>>

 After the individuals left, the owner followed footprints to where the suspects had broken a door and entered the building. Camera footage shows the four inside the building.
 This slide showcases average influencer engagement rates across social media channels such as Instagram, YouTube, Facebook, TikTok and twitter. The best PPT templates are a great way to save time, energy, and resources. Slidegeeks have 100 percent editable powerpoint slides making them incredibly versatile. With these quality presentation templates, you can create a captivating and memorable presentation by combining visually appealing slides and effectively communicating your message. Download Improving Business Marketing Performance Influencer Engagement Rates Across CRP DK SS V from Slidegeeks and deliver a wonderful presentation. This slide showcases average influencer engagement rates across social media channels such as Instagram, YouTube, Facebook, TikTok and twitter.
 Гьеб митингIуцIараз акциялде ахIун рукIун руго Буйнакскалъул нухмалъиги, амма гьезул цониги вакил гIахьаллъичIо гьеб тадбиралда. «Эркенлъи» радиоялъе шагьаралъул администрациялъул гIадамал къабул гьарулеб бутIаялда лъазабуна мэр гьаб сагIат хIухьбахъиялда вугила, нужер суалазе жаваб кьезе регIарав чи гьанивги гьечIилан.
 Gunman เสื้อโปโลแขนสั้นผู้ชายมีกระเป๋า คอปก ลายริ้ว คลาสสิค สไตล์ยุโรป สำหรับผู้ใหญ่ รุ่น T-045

<<
>>

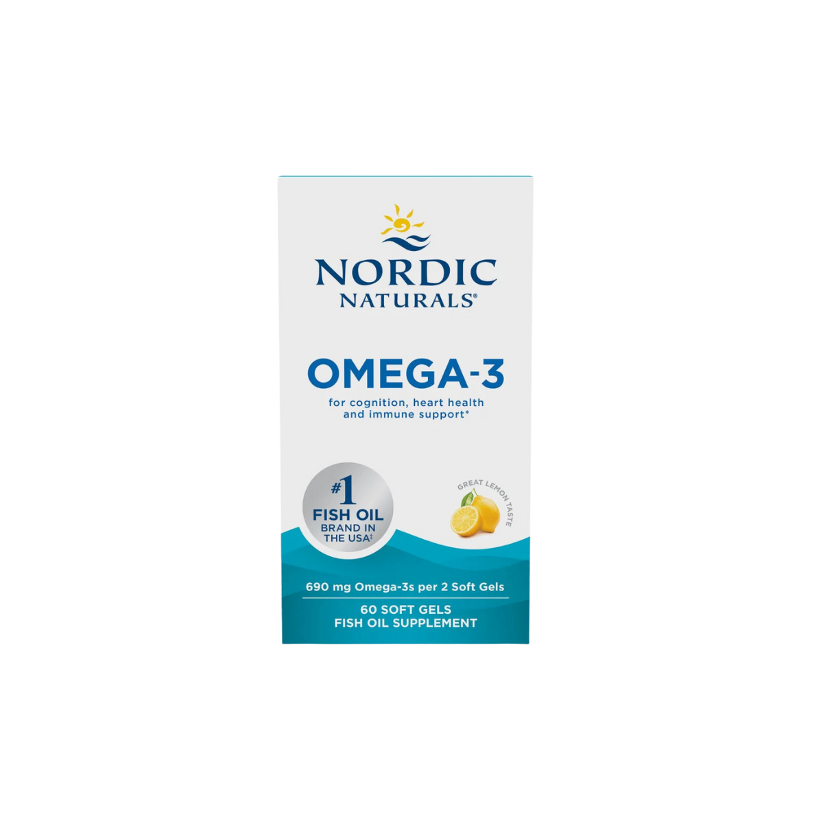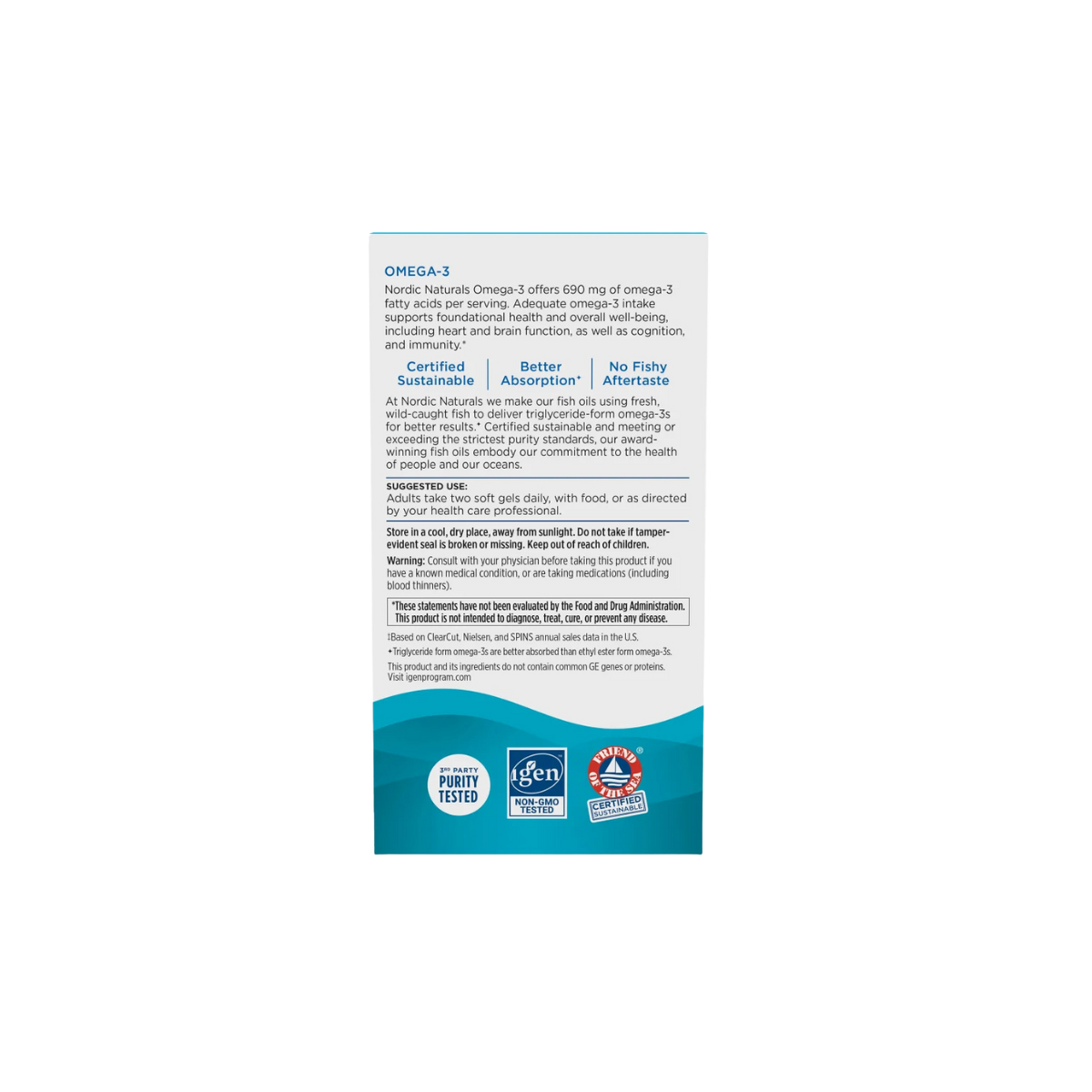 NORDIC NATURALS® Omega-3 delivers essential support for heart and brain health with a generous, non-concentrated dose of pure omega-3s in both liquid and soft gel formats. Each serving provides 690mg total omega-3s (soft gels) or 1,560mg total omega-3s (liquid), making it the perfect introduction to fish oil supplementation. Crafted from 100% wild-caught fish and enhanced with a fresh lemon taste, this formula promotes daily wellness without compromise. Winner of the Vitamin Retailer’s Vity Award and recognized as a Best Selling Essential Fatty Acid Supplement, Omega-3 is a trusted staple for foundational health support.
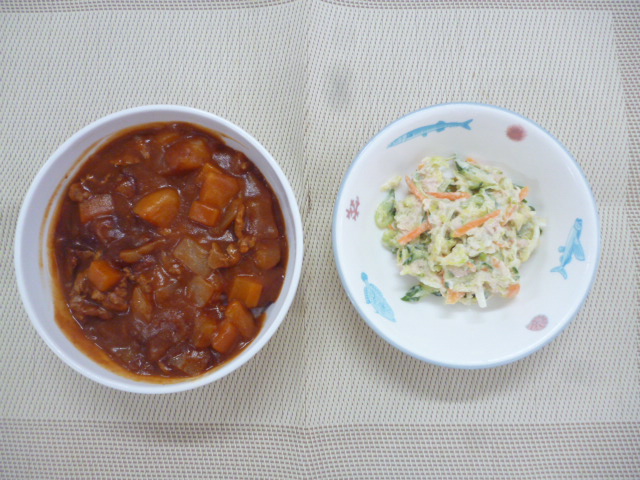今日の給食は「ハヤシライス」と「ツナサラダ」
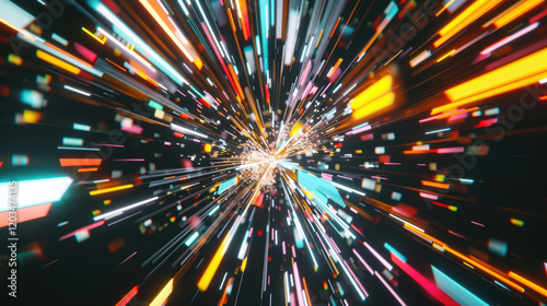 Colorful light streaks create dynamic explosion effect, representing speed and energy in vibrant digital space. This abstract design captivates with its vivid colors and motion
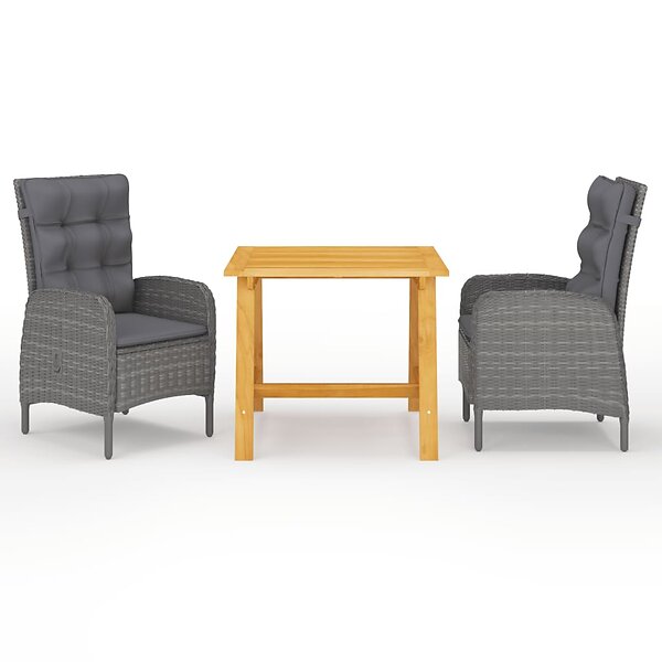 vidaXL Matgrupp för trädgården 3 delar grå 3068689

<<

:: ASSIGNMENT ::
Repeat the lines above exactly, beginning with the one containing "今日の給食は「ハヤシライス」と「ツナサラダ」" and finishing with the one containing "vidaXL Matgrupp för". No pictures belong in the copy.

:: ANSWER SPACE ::
今日の給食は「ハヤシライス」と「ツナサラダ」
 Colorful light streaks create dynamic explosion effect, representing speed and energy in vibrant digital space. This abstract design captivates with its vivid colors and motion
 vidaXL Matgrupp för trädgården 3 delar grå 3068689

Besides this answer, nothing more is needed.